For static sites, entr can trigger a simple local web server reload.

find . -name "*.html" -o -name "*.css" -o -name "*.js" | entr -r python3 -m http.server 8000

This command will restart a simple Python web server whenever HTML, CSS, or JS files change. You’d then manually refresh your browser, or use a browser extension that connects to a live-reloading server triggered by entr.

8. Complex Multi-Stage Operations

Combine entr with shell scripting for more intricate workflows.

find . -name "*.go" | entr -r sh -c 'goimports -w . && gofmt -w . && go vet ./... && go build -o myapp && ./myapp'

This single entr command will:

  1. Watch all Go files.
  2. On change, format them with goimports and gofmt.
  3. Run go vet for static analysis.
  4. Build the application.
  5. If all previous steps succeed, run the compiled myapp executable.

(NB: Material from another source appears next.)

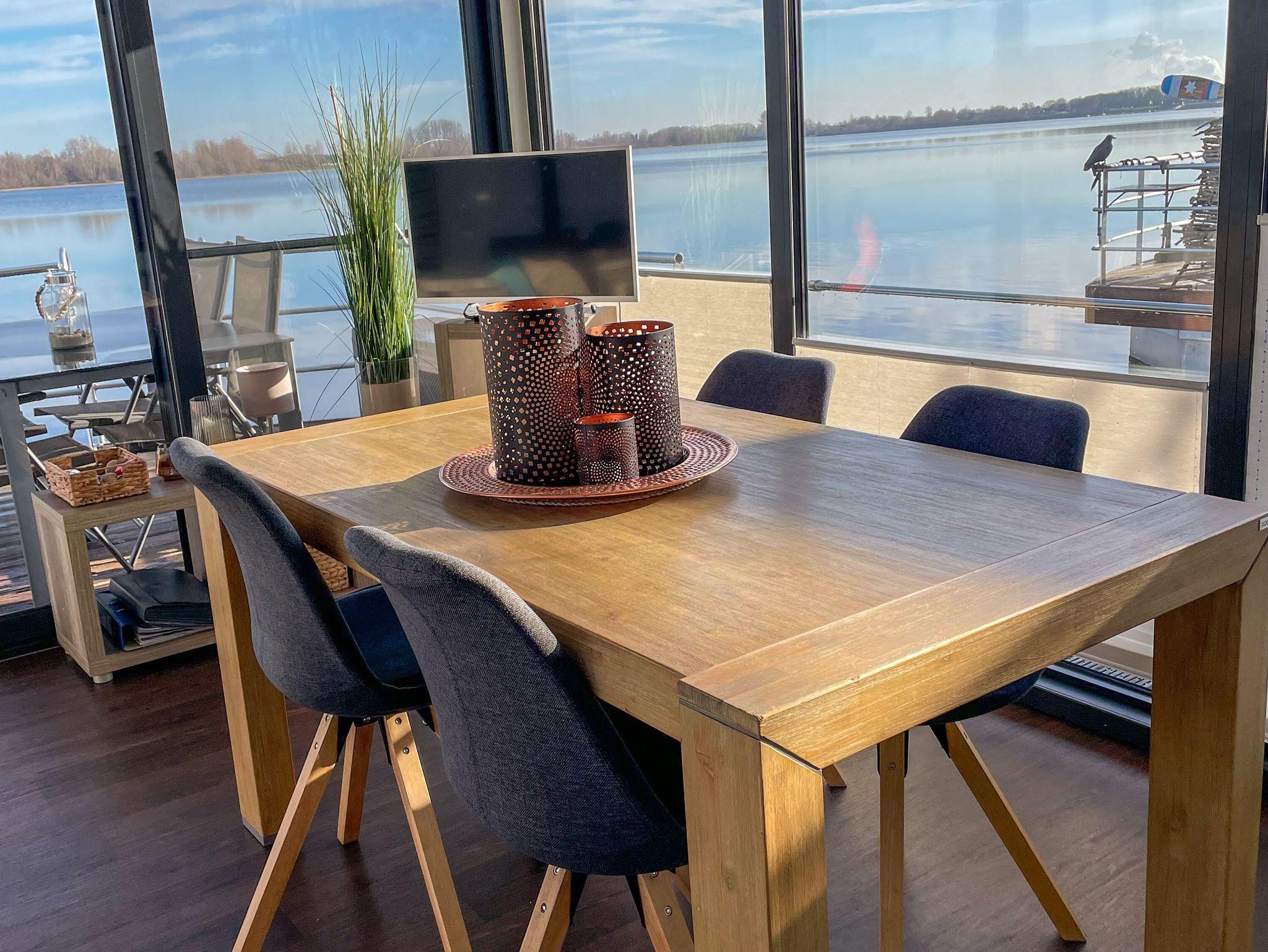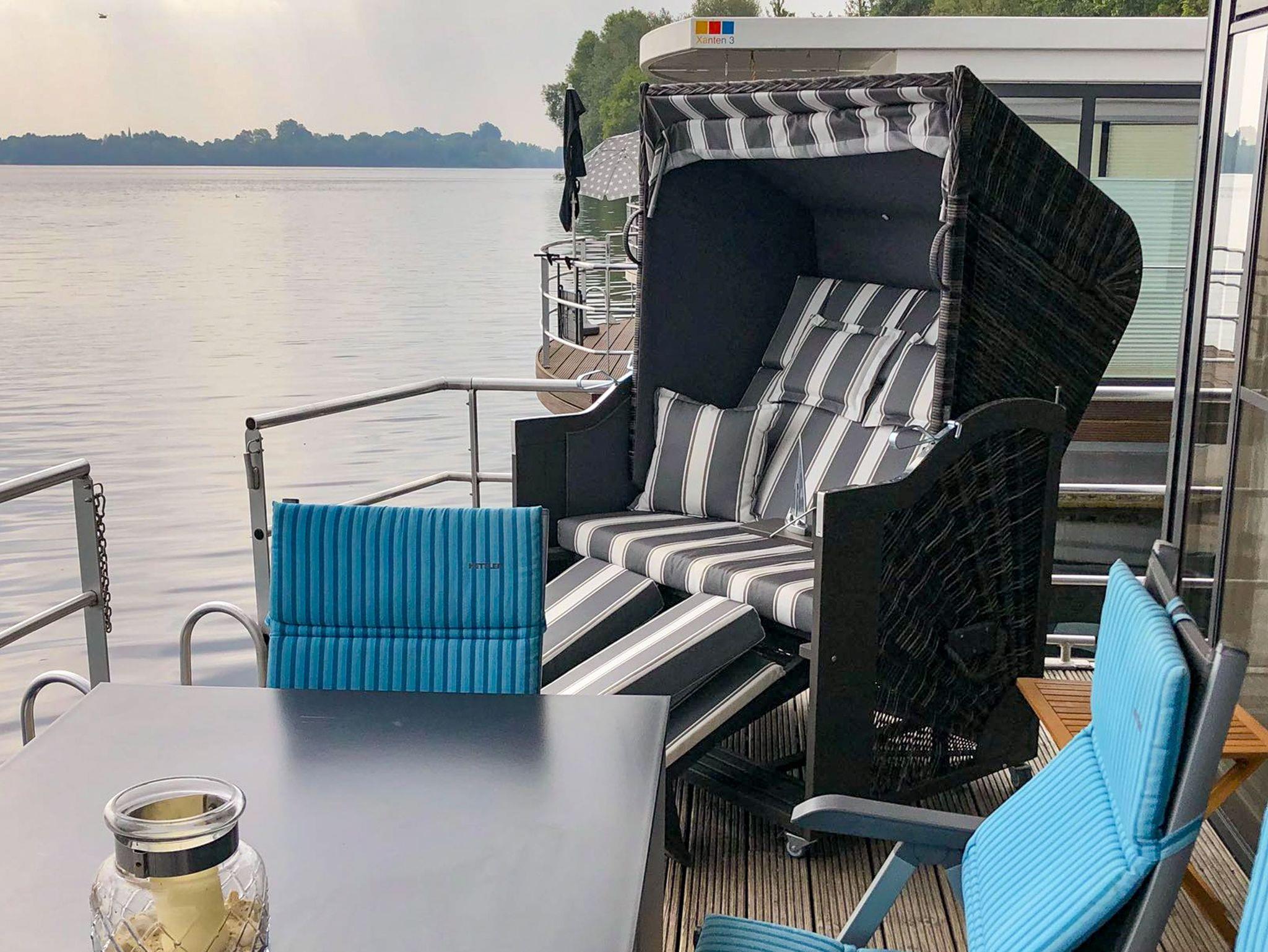 Auf dem Floating House 2 erlebst du erholsame Tage auf dem Wasser. Mit 44m² Wohnfläche, zwei Schlafzimmern und Platz für bis zu 4 Personen ist dieses festliegende Hausboot das perfekte Refugium für alle, die maritimes Flair lieben, aber den Komfort eines Ferienhauses nicht missen möchten. Direkt auf dem Nordsee gelegen, genießt Du einen freien Blick auf die Xantener Seenlandschaft ? ruhig, grün und voller Möglichkeiten. Innen erwarten Dich eine moderne, schiffig inspirierte Einrichtung und große Fensterfronten, die viel Licht hereinlassen und Dir jederzeit den Blick auf die Natur freigeben. Der offene Wohnbereich mit integrierter Küchenzeile ist bestens ausgestattet ? mit Mikrowelle, Ceran-Kochfeld, Spülmaschine, Kühlschrank, Kaffeemaschine, Toaster, Wasserkocher und allem, was Du im Urlaub brauchst. Der gemütliche Essplatz lädt zum Zusammensitzen ein. Zwei Schlafzimmer mit Doppelbetten (160x200) und ein separates Bad mit Dusche sowie ein WC sorgen für entspannte Nächte und Morgende. Besonderes Highlight sind die beiden Terrassen: die möblierte Bugterrasse mit direktem Wasserblick und die großzügige Dachterrasse mit rund 25m² Fläche ? ideal zum Sonnen, Lesen oder einfach zum Durchatmen. Eine Klimaanlage mit Warmluftfunktion sorgt für angenehmes Raumklima zu jeder Jahreszeit. Direkt am Hafen befindet sich ein Parkplatz (ca. 30m entfernt), außerdem steht Dir ein abschließbarer Raum zur sicheren Unterbringung von Fahrrädern oder Sportequipment zur Verfügung. Bei den Fotos kann es sich um Beispielfotos handeln ? daher sind Abweichungen in Ausstattung und Einrichtung möglich.

watch vs. entr: When to Use Which

The distinction is clear and crucial:

  • watch: Use for monitoring and displaying continuous output. It’s polling-based and will run its command repeatedly, regardless of whether anything has changed. Ideal for observing dynamic metrics, logs, or system states.

    • Example: watch uptime, watch netstat -an.
  • entr: Use for event-driven execution and live-reloading. It only runs its command when specified files change. It’s highly efficient and perfect for triggering builds, tests, server restarts, or any action that should react to file modifications.

    • Example: find . -name "*.js" | entr npm run build, ls *.md | entr pandoc -s input.md -o output.html.

In most live-reloading scenarios, entr is the tool you want due to its efficiency and event-driven nature. watch is your go-to for persistent, real-time feedback.

Advanced Tips & Considerations

  1. Ignoring Files/Directories: Be mindful of what find pipes to entr. You often want to exclude directories like node_modules, dist, .git, or build artifacts.

    find . -type f \( -name "*.js" -o -name "*.ts" \) -not -path "./node_modules/*" -not -path "./dist/*" | entr -r npm run build

    This finds .js or .ts files but excludes anything within node_modules or dist directories.

  2. Multiple entr Instances: For very complex projects with independent build steps (e.g., separate frontend and backend), you can run multiple entr commands in parallel in different terminal windows or using a terminal multiplexer like tmux or screen.

  3. Performance: entr is highly optimized. It uses native file system event APIs (like inotify on Linux and FSEvents on macOS), which are far more efficient than polling the file system manually.

  4. Debugging entr Commands: If your entr command isn’t behaving as expected, first run the command directly in your shell without entr to ensure it works. Then, ensure entr is receiving the correct file list by replacing entr with xargs echo or cat -.

    find . -name "*.go" | cat -  # See what files entr would receive
  5. Alternatives (and why entr still shines):

    • nodemon (Node.js): Excellent for Node.js projects, but specialized.
    • watchexec (Cross-language): A good Rust-based alternative, often with more configuration options and .gitignore awareness.
    • Build tools with watch modes (Webpack, Vite, Gulp, Grunt, Parcel): These are fantastic for their specific ecosystems and offer deep integration, but entr is universal.
    • IDE/Editor integrations: Many IDEs have built-in watch features, but they might be less flexible for custom scripts.

    The beauty of entr is its generality and simplicity. It’s a fundamental Unix tool that can be chained with anything, requiring minimal configuration and working across virtually any language or project setup.

Conclusion

The watch and entr utilities are prime examples of the Unix philosophy at its best: simple tools that do one thing well, and can be powerfully combined. watch provides a quick window into changing states, while entr empowers you with robust, event-driven live-reloading for nearly any command-line task.

By integrating entr into your daily workflow, you can drastically reduce the mental overhead of repetitive tasks, allowing you to focus on creation rather than coordination. Experiment with these tools, adapt them to your specific needs, and watch your productivity soar.